Is it possible to sync multiple clients over a central server using just rsync and POSIX shell scripting?

The scenario
I have a file server that acts as a master storage for the files to sync and I have several clients that have a local copy of the master storage. Each client may alter files from the master storage, add new ones or delete existing ones. I would like all of them to stay in sync as good as possible by regularly performing a sync operation, yet the only tool I have available everywhere for that is rsync and I can only run script code on the clients, not on the server.
The problem
rsync doesn't perform a bi-directional sync, so I have to sync from server to client as well as from client to server. This works okay for files that just changed by running two rsync operations but it fails when files have been added or deleted. If I don't use rsync with a delete option, clients cannot ever delete files as the sync from the server to the client restores them. If I use a delete option, then either the sync from server to client runs first and deletes all new files the client has added or the sync from client to server runs first and deletes all new files other clients have added to the server.
The question
Apparently rsync alone cannot handle that situation, since it is only supposted to bring one location in sync with another location. I surely neeed to write some code but I can only rely on POSIX shell scripting, which seems to make achieving my goals impossible. So can it even be done with rsync?

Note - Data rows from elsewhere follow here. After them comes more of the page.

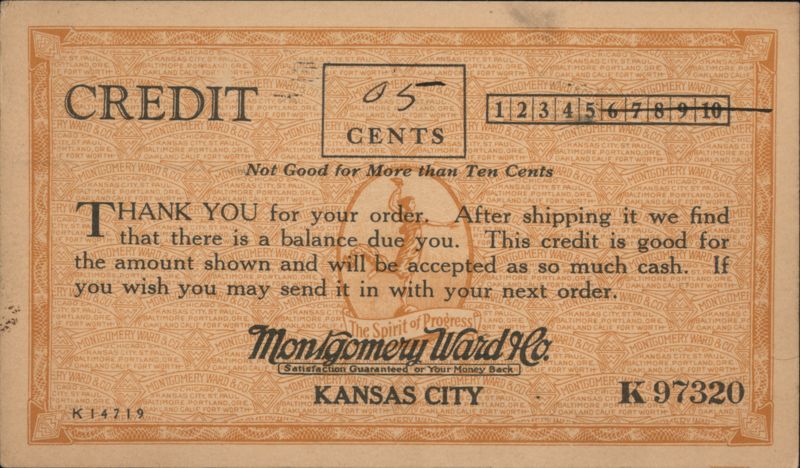 Credit slip for five cents from Montgomery Ward & Co., Kansas City, featuring 'The Spirit of Progress' emblem and 'Satisfaction Guaranteed or Your Money Back'. The text reads: 'THANK YOU for your order. After shipping it we find that there is a balance due you. This credit is good for the amount shown and will be accepted as so much cash. If you wish you may send it in with your next order.' It also states 'Not Good for more than Ten Cents'. The background has a repeating pattern of city names associated with Montgomery Ward. The reverse is addressed to W.H. Taylor, Box 354, Palmyra, Nebr., and postmarked Kansas City, MO, Apr 4 2 PM 1929, with a 1-cent Jefferson stamp. |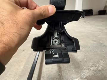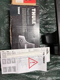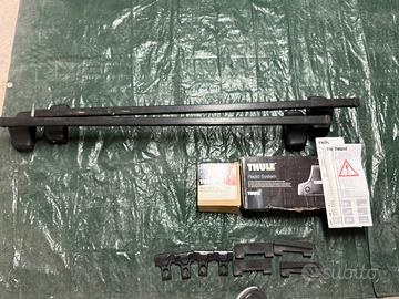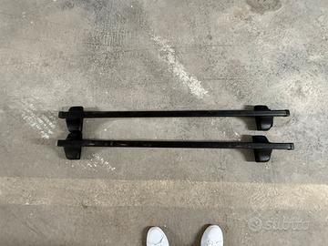 Barre portatutto per auto marca THULE. Oggetti usati ma tenuti bene, li avevo installati sopra la mia auto Alfa Romeo Giulietta, macchina priva di aste fisse longitudinali. Le barre vanno usate per le autovetture che non hanno i binari rialzati di supporto, poichè hanno dei gommini che hanno la funzione di fissarli in modo solido senza il rischio che possono staccarsi. Queste barre hanno la capacità di poter modificare la distanza del gommino di fissaggio(max 15cm).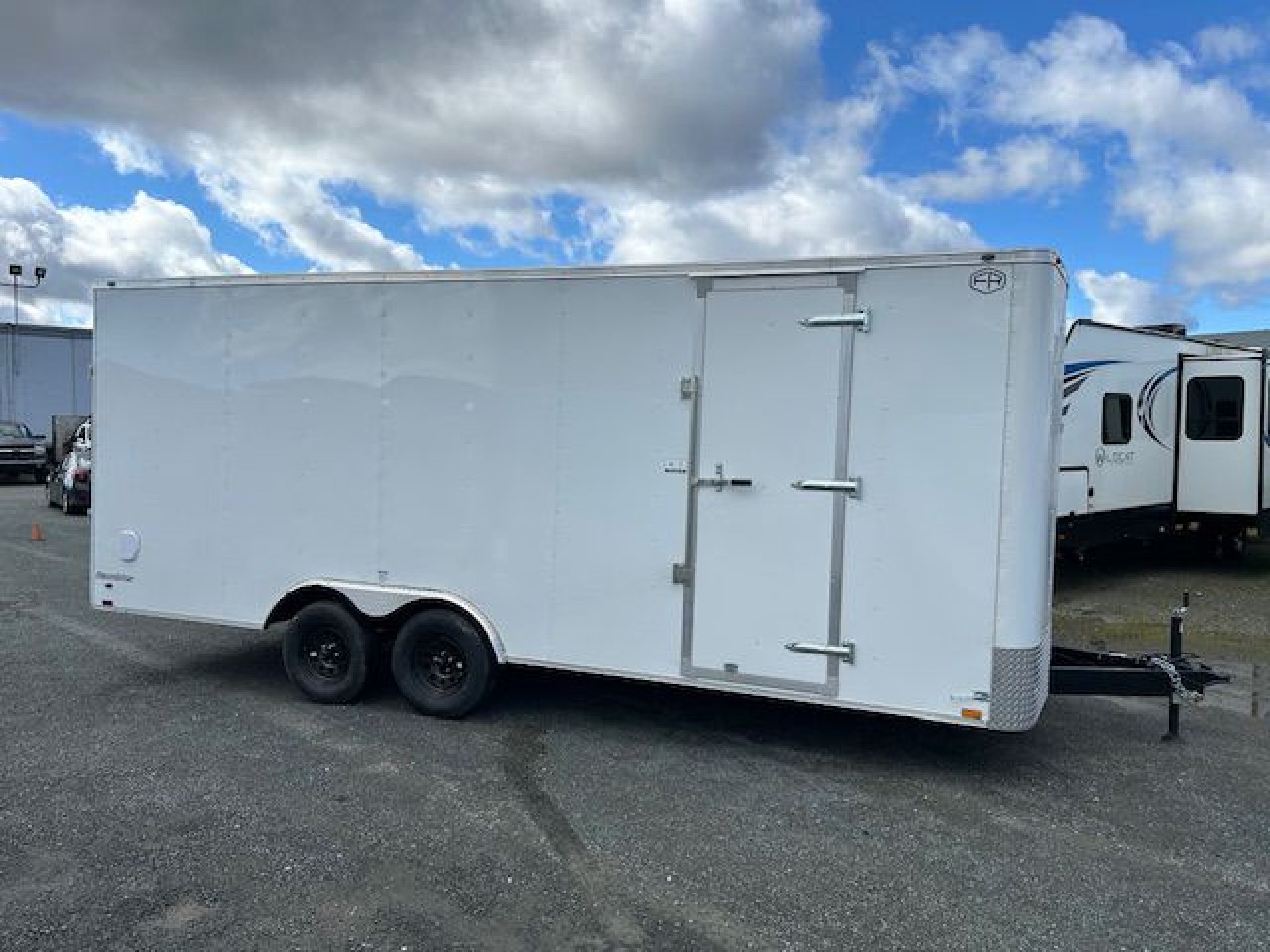 6" Extra Height, Steel Framed Walls, Floor & Roof, Ramp Rear Door, 3/8" Engineered Wood Paneling On Walls (24" o/c), 3/4 Plywood Floor (24" o/c), Semi Style Camlock Door Latch on Doors, ATP Exterior Aluminum Fenders, Leaf-Spring Axles All-Wheel Electric Brakes w/Breakaway* 12-Volt Breakaway Switch with Battery* *(On Models Requiring Brakes) Black Powder Coated Wheels with Black Center Caps, Radial Tires, Galvanized Roof, C/S Door (24" on 5 wide) (32" on 6 wide, 36" on 7 & 8 wide), 12" Stoneguard, 1 – Interior LED Dome Light, Clear Lens LED Clearance Lights, Clear Lens LED Strip Tail Lights, .030 White Aluminum Exterior

What is required for this scenario are three sync operations and awareness of which files the local client has added/deleted since the last sync. This awareness is essential and establishes a state, which rsync doesn't have, as rsync is stateless; when it runs it knows nothing about previous or future operations. And yes, it can be done with some simple POSIX scripting.
We will assume three variables are set:
metaDir is a directory where the client can persistently store files related to the sync operations; the content itself is not synced.

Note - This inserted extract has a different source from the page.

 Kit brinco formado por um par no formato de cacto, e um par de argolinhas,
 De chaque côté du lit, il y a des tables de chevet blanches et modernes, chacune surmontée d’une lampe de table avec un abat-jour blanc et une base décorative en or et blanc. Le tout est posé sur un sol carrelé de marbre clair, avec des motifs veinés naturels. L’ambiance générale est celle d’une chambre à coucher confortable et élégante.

localDir is the local copy of the files to be synced.
remoteStorage is any valid rsync source/target (can be a mounted directory or an rsync protocol endpoint, with or w/o SSH tunneling).

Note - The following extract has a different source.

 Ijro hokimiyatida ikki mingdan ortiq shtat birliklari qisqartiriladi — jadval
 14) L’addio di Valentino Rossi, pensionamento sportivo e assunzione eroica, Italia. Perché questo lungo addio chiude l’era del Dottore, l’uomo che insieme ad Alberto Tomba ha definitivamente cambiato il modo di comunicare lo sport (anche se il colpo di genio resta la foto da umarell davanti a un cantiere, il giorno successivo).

After every successful sync, we create a file in the meta dir that lists all files in local dir, we need this to track files getting added or deleted in between two syncs. In case no such file exists, we have never ran a successful sync. In that case we just sync all files from remote storage, build such a file, and we are done:
filesAfterLastSync="$metaDir/files_after_last_sync.txt"
if [ ! -f "$metaDir/files_after_last_sync.txt" ]; then
rsync -a "$remoteStorage/" "$localDir"
( cd "$localDir" && find . ) | sed "s/^\.//" | sort > "$filesAfterLastSync"
exit 0
fi
Why ( cd "$localDir" && find . ) | sed "s/^\.//"? Files need to be rooted at $localDir for rsync later on. If a file $localDir/test.txt exists, the generated output file line must be /test.txt and nothing else. Without the cd and an absolute path for the find command, it would contain /..abspath../test.txt and without the sed it would contain ./test.txt. Why the explicit sort call? See further downwards.
If that isn't our initial sync, we should create a temporary directory that auto-deletes itself when the script terminates, no matter which way:
tmpDir=$( mktemp -d )
trap 'rm -rf "$tmpDir"' EXIT
Then we create a file list of all files currently in local dir:
filesForThisSync="$tmpDir/files_for_this_sync.txt"
( cd "$localDir" && find . ) | sed "s/^\.//" | sort > "$filesForThisSync"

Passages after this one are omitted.